Gary Zimmerman

No. 65
- Position: Offensive tackle

Personal information
- Born: December 13, 1961 (age 64) Fullerton, California, U.S.
- Listed height: 6 ft 6 in (1.98 m)
- Listed weight: 294 lb (133 kg)

Career information
- High school: Walnut (Walnut, California)
- College: Oregon (1980–1983)
- Supplemental draft: 1984: 1st round, 3rd overall pick

Career history
- Los Angeles Express (1984–1985); Minnesota Vikings (1986–1992); Denver Broncos (1993–1997);

Awards and highlights
- Super Bowl champion (XXXII); 3× First-team All-Pro (1987, 1988, 1996); 2× Second-team All-Pro (1993, 1995); 7× Pro Bowl (1987–1989, 1992, 1994–1996); NFL 1980s All-Decade Team; NFL 1990s All-Decade Team; 50 Greatest Vikings; Denver Broncos Ring of Fame; Morris Trophy (1983); 2× USFL All-Star (1984, 1985); USFL All-Time Team; First-team All-American (1983); First-team All-Pac-10 (1983);

Career NFL statistics
- Games played: 184
- Games started: 184
- Fumble recoveries: 4
- Stats at Pro Football Reference
- Pro Football Hall of Fame

= Gary Zimmerman =

American football player (born 1961)

Gary Wayne Zimmerman (born December 13, 1961) is an American former professional football player who was a Hall of Fame offensive tackle in the National Football League (NFL) and United States Football League (USFL). He earned a Super Bowl ring with the Denver Broncos (Super Bowl XXXII).

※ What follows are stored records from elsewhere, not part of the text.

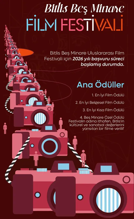 Festival kapsamında En İyi Film, En İyi Belgesel Film, En İyi Kısa Film ve Bitlis’in kültürel ve sanatsal değerlerini yansıtan yapımlara verilen Beş Minare Özel Ödülü sahiplerini bulacak. Festivalin, Bitlis’in tarihi ve kültürel kimliğinin sinema yoluyla tanıtımına önemli katkı sunduğunu vurgulayan Çelik, farklı ülkelerden yönetmen ve yapımcıları Bitlis’te ağırlamaktan memnuniyet duyacaklarını ifade etti.
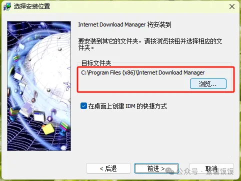 运行 IDM 6.42 (25) 安装包,安装目录,选择 C 盘,只有选择C盘,浏览器才会接管下载
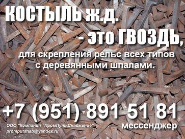 Костыль путевой ж.д. Костыль скрепляет рельсы всех типов с деревянными шпалами с применением подкладки. Подкладка устанавливается между шпалой и рельсом и имеет технологические сквозные проёмы соответствующие габаритам костыля. Именно в эти проёмы забивают ж.д костыли. Костыль имеет особую конструкцию, которая предусматривает смещение шляпки в одну строну и надежно прижимает подошву рельса к шпале. Средний расход костылей на 1 км пути составляет 1600 шт.
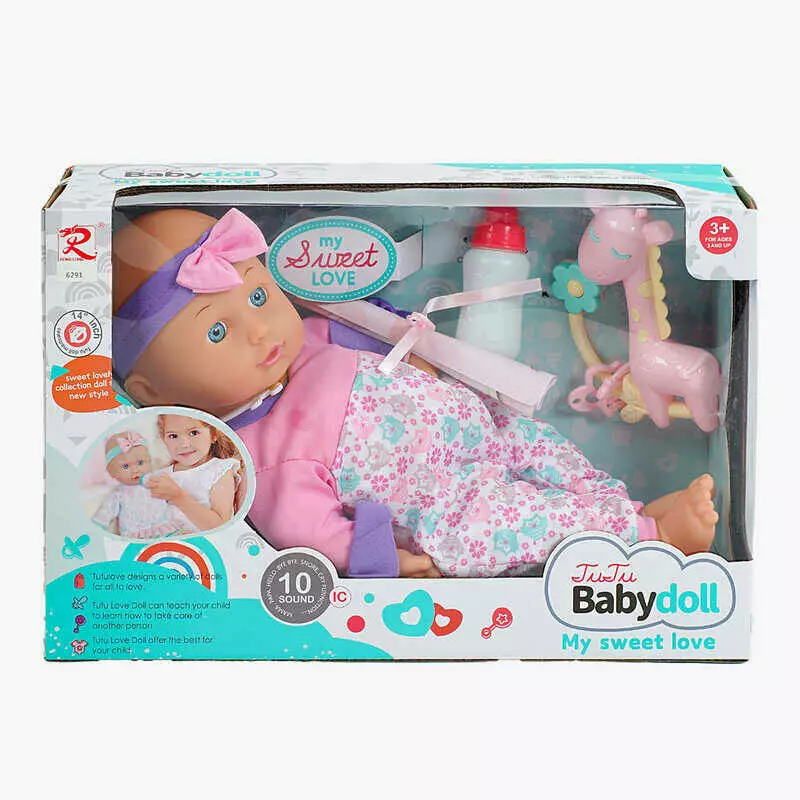 Пупс 6291 (24) м’якотілий, п’є з пляшечки, брязкальце, музичний чіп, висота 37 см, в коробці

Zimmerman was born in Fullerton, California and played scholastically at Walnut High School in the San Gabriel Valley of California. He played collegiately at Oregon, and was a first-team All-American as a senior. He was inducted into the Oregon Sports Hall of Fame in 2002.

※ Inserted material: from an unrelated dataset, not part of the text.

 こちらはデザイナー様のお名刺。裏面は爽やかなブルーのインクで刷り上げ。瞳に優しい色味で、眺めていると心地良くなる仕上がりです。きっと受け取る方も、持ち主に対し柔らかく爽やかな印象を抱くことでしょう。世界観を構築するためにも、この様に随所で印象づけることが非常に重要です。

Zimmerman played for the Minnesota Vikings from 1986 to 1992 and for the Denver Broncos from 1993 to 1997. He won Super Bowl XXXII with the Broncos against the Green Bay Packers. He was selected to the Pro Bowl seven times and was an All-Pro selection eight times. He was inducted into the Pro Football Hall of Fame in 2008.

==Professional career==

===Los Angeles Express===
In 1984, Zimmerman was drafted in the second round (36th overall) by the Los Angeles Express in the 1984 USFL draft. He subsequently signed with the Express on February 13, 1984, and went on to play in 17 games that season, starting all 17 at left tackle. His Express teammate was future Pro Football Hall of Famer, QB Steve Young. The Express lost in the USFL Semi-Finals to the Arizona Wranglers to end a 10–8 regular season. In 1985, Zimmerman suited up again with the Express, playing in 18 games (starting 17) with a 3-15 club that ended up out of the USFL playoff picture.

===Minnesota Vikings===
After the USFL folded in August 1986, Zimmerman joined the Minnesota Vikings after they obtained his rights from the New York Giants who drafted him in the 1984 NFL Supplemental Draft of USFL and CFL Players.

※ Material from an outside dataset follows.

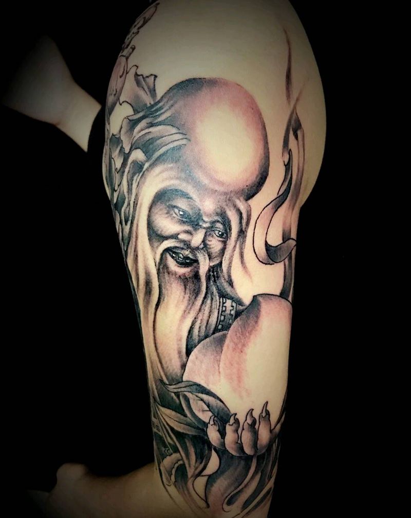 当前位置: 首页 >安徽省芜湖市纹身店-芜湖刺客纹身纹身图案>人物寿星纹身图片_手臂手部传统写实人物成品插画纹身图案
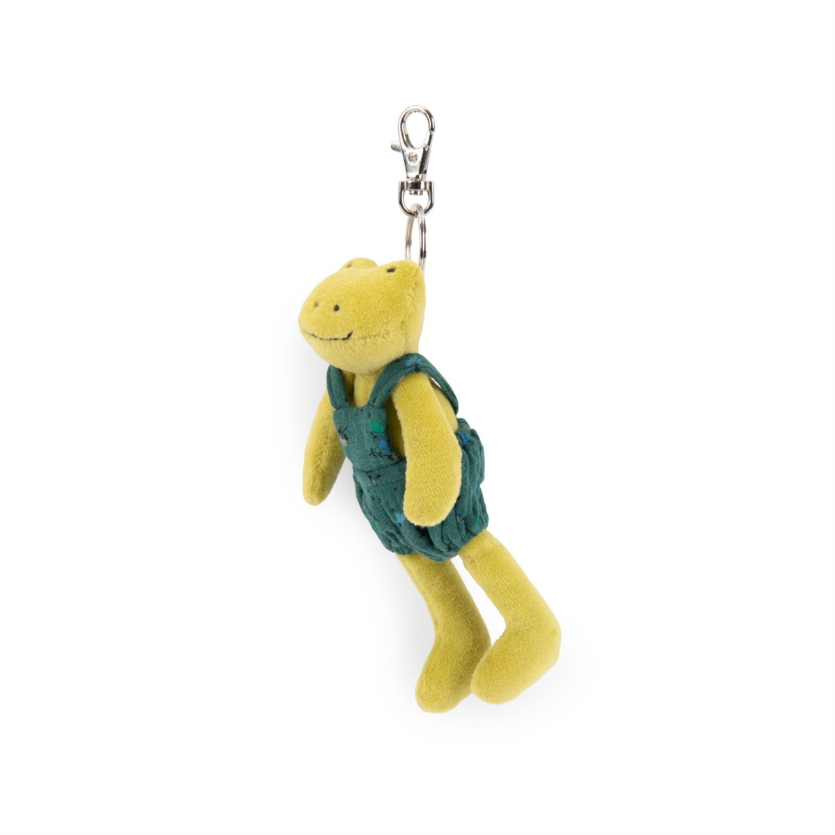 Porte-clé Perlette, la délicate grenouille, de 16 cm. Pomponnée dans son adorable salopette printanière, accrochez-la à vos clés, votre sac ou votre trousse, et laissez-là vous accompagner partout !

During his time in the NFL, Zimmerman was famous for his refusal to interact with the media. This disdain for the sports press came about due to an early incident in his NFL career, after comments made by Zimmerman (which stated both the offense and defense didn't play well enough) were construed to be comments that the defense didn't play well enough that led to teammates ostracizing him for speaking ill of his teammates' performance; this led Zimmerman to decide to boycott the sports media as a result, refusing to do interviews or engage in any sort of interaction with them for the rest of his career.

===Denver Broncos===
Zimmerman ultimately left the Vikings for the Broncos in 1993, and stayed with the team from 1993 to 1997. He would be part of the team's first Super Bowl-winning squad, winning the game in 1997 and was "in spirit" for the 1998 season. Arriving as the veteran player in 1993 to an offense that was made up of mostly rookies, Zimmerman became the de facto leader of the Broncos offensive line on and off the field. Zimmerman started the Denver offensive line tradition of not speaking to the media. It became a long running tradition that would continue on a full decade after his retirement in 1997. In 2007 the NFL created “The Broncos O-line rule" in response, requiring all players to talk to the media.

He played in 184 NFL games, starting 169 of them.

On February 2, 2008, he was elected to the Pro Football Hall of Fame.

Zimmerman joins Reggie White, Sam Mills, Steve Young, Jim Kelly, Marv Levy, George Allen, Bill Polian, and Sid Gillman as former USFL/AFL league members who are enshrined in the Pro Football Hall of Fame.